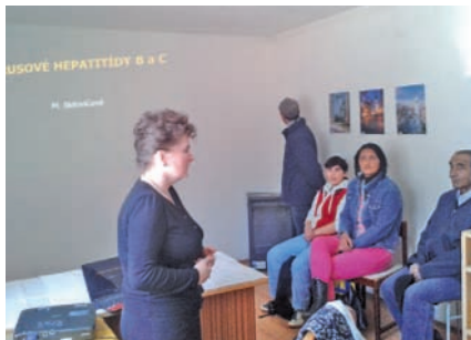
Osveta pre rómskych spoluobčanov.
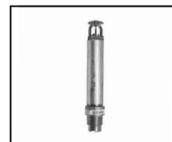
Upright (Sob Consulta)
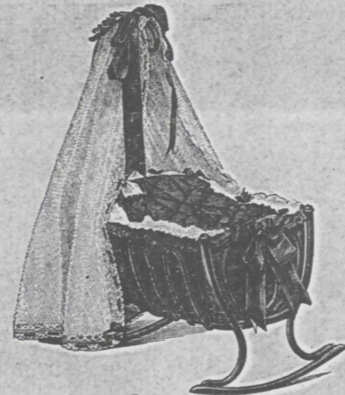
Ansicht einer montirten Wiege

***

TASK INSTRUCTIONS
Copy the material shown above in full and exactly. Skip the pictures.

SOLUTION BELOW
Osveta pre rómskych spoluobčanov.
Upright (Sob Consulta)
Ansicht einer montirten Wiege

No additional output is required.